Consequently, some computer experts suggest that it is not possible to conclude that either open source or closed source software is inherently more secure or more cost efficient.
[edit] Intellectual Property Rights
Intellectual property rights, including copyrights, patents and trade secrets, present another possible set of concerns with respect to open source software. Although a particular computer program may be designated as open source, it remains possible that an owner of intellectual property rights may seek to enforce those rights against open source software developers and users.[4]
In addition, open source software is ordinarily accompanied by a license that requires users to maintain the program as open source.[5] Some commentators have expressed concern that these licenses may overreach, converting proprietary programs into open source software even if only a portion of that program was derived from an open source original.[6] Others have suggested that open source licenses may not be legally enforceable, which would allow users to obtain and assert intellectual property rights pertaining to software that was initially distributed as open source.[7]
[edit] Alleged "Viral" Nature of Open Source Software
Certain open source licenses have sometimes been described as "viral" in character.[8] Some individual open source licenses require that the terms of that license apply automatically to each copy of the software, as well as to any modified versions.[9] Some observers have expressed concerns regarding situations where a programmer, perhaps unknowingly, incorporates some open source code into a larger software package. In these circumstances, the open source portion of the software could "contaminate" the entire [[program. As a result, even though the publisher intended that the program be proprietary, it may be instead be distributed as the open source license stipulates.[10] In this way, the open source software component would trump any intellectual property rights that the publisher hoped to claim.
Whether a particular open source software is potentially "viral" or not depends upon the individual terms of the accompanying open source license. Some commentators have stated that the Free Software Foundation's GPL is one example of a potentially "viral" license.[11] Under the GPL, anyone who uses or modifies the software must, upon further distributing that software or a modification of that software, make the source code fully available to the public, free of any proprietary interest. This limitation prevents the software written and distributed under the GPL from being subject to intellectual property rights.

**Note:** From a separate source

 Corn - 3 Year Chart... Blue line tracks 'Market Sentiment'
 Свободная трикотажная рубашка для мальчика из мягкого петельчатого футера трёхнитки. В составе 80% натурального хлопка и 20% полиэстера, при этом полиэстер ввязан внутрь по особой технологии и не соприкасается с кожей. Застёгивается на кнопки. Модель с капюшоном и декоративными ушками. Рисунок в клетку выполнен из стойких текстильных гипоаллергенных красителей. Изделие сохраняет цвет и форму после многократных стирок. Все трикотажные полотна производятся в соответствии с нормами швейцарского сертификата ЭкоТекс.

As a result, the GPL maintains the "open" nature of the open source code by allowing users to modify and redistribute the software, but requiring that such modifications be made available to anyone under the terms of the GPL.

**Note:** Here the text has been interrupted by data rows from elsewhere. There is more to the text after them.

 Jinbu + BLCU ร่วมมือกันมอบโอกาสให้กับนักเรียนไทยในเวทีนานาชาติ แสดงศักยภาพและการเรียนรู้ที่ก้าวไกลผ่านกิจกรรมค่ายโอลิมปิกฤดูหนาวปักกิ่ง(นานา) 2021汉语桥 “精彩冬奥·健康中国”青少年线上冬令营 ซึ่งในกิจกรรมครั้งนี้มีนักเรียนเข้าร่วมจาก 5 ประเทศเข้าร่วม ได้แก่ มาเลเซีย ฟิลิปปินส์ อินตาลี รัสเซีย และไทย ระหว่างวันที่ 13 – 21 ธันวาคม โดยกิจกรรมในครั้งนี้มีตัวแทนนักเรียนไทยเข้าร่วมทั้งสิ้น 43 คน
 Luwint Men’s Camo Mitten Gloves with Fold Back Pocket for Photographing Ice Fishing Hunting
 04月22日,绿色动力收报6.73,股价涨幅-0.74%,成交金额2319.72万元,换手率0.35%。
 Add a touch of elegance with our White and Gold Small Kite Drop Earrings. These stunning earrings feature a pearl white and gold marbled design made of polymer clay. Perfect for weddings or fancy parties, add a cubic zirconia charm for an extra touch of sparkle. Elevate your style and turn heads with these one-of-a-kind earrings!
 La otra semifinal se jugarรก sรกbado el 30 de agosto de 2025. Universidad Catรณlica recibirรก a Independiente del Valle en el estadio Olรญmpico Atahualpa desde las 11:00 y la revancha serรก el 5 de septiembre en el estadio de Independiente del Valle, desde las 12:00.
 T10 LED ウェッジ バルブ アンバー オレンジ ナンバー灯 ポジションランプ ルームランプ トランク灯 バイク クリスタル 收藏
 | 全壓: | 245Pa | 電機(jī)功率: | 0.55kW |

Notably, under certain conditions the GPL allows users to incorporate open source-derived computer programs into proprietary software packages without subjecting the entire package to the GPL.[12] According to the Free Software Foundation, in order to avoid the imposition of the GPL upon the entire program, software publishers "must make sure that the free and non-free programs communicate at arms length, that they are not combined in a way that would make them effectively a single program."[13]

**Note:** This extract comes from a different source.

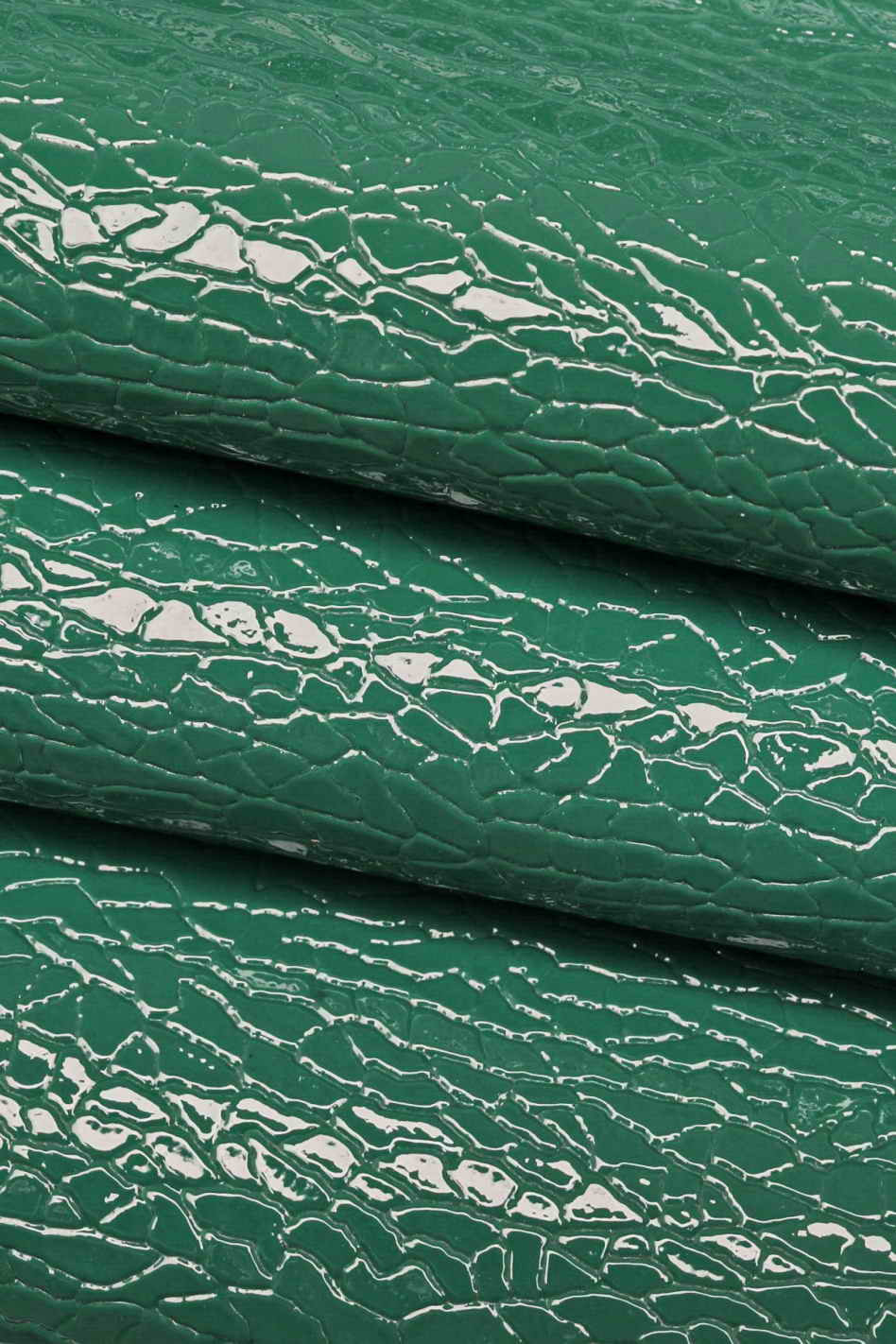Original petrol green and dark gray patent calfskin with crackle-like print, shiny, medium softness.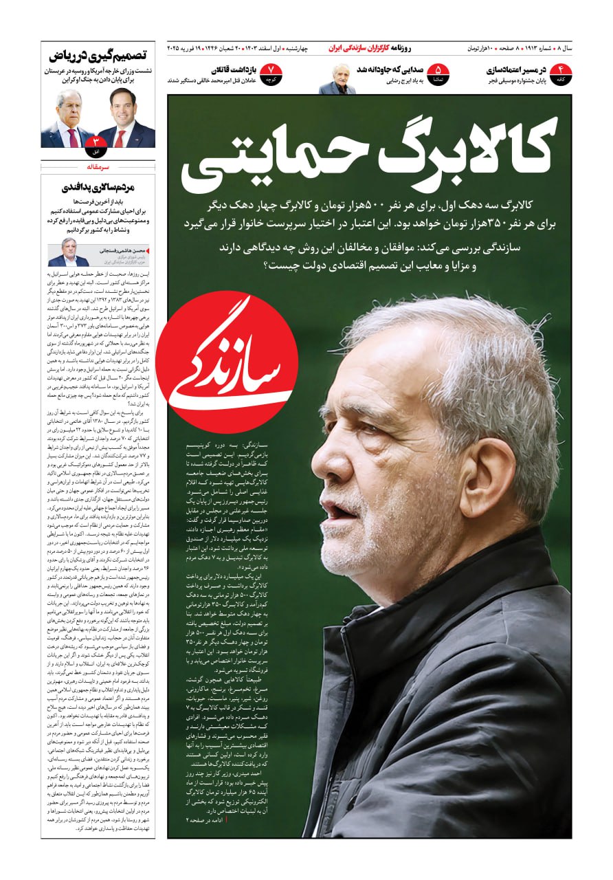 شماره ۲۱۳۷ روزنامه سازندگی یکشنبه ۱۴۰۴/۰۹/۲۳

The Free Software Foundation offers as an example the combination of an editor program and a shell program." To expand upon this illustration, suppose that an editor program executes textual commands typed by the user. A shell, or user interface program, might provide a graphical, menu-driven interface so that the user doesn't have to memorize the text commands. The editor could be a proprietary program. The shell might have been developed for individuals who did not wish to learn the text commands, and distributed under the GPL. As the editor can work independently of the shell in this example, the proprietary nature of the editor would be maintained even though the shell was subject to the GPL.72
The functional separation of proprietary and open source software provides one avenue for avoiding the broad application of an open source license to an entire software product. Some observers believe, however, that conformity with this exception imposes substantial compliance burdens. For example, attorneys James A. Harvey and Todd S. McClelland state:
- It is therefore a good practice to advise clients with respect to procedures
designed to segregate software that can be licensed as proprietary from that which must be distributed under an open source license. Developing and maintaining procedures to implement these administrative tasks can be very difficult in complex development environments."
Views differ on the supposed "viral" nature of some open source licenses. Representatives of proprietary software firms have expressed concerns that "open source is an intellectual-property destroyer,i74and have reportedly referred to open source software as a "cancer" and "un-American."" Others believe that, in order for open source software to remain open to the public, all programs derived from an open source original should be treated as open source as well.' And, as noted above, some open source licenses take an intermediate position." Although these licenses require that the original software that is distributed with the license remain open source, they allow modifications and upgrades to that code to be "taken private" and be treated as proprietary software.
[edit] Third Party Infringement Claims
Some open source licenses, such as the General Public License (GPL), effectively prevent individuals from asserting intellectual property rights in open source software." This restriction only applies to individuals who have consented to these licenses, however.' Parties not subject to that license are therefore not necessarily prevented from enforcing their intellectual property rights against individuals who use the software. As a result, even though one individual has distributed software that it has designated as open source, another entity may possibly assert that the software infringes an intellectual property right. Such assertions lead to potential conflicts between the intellectual property rights owner and individuals who believe that the software is open to the public.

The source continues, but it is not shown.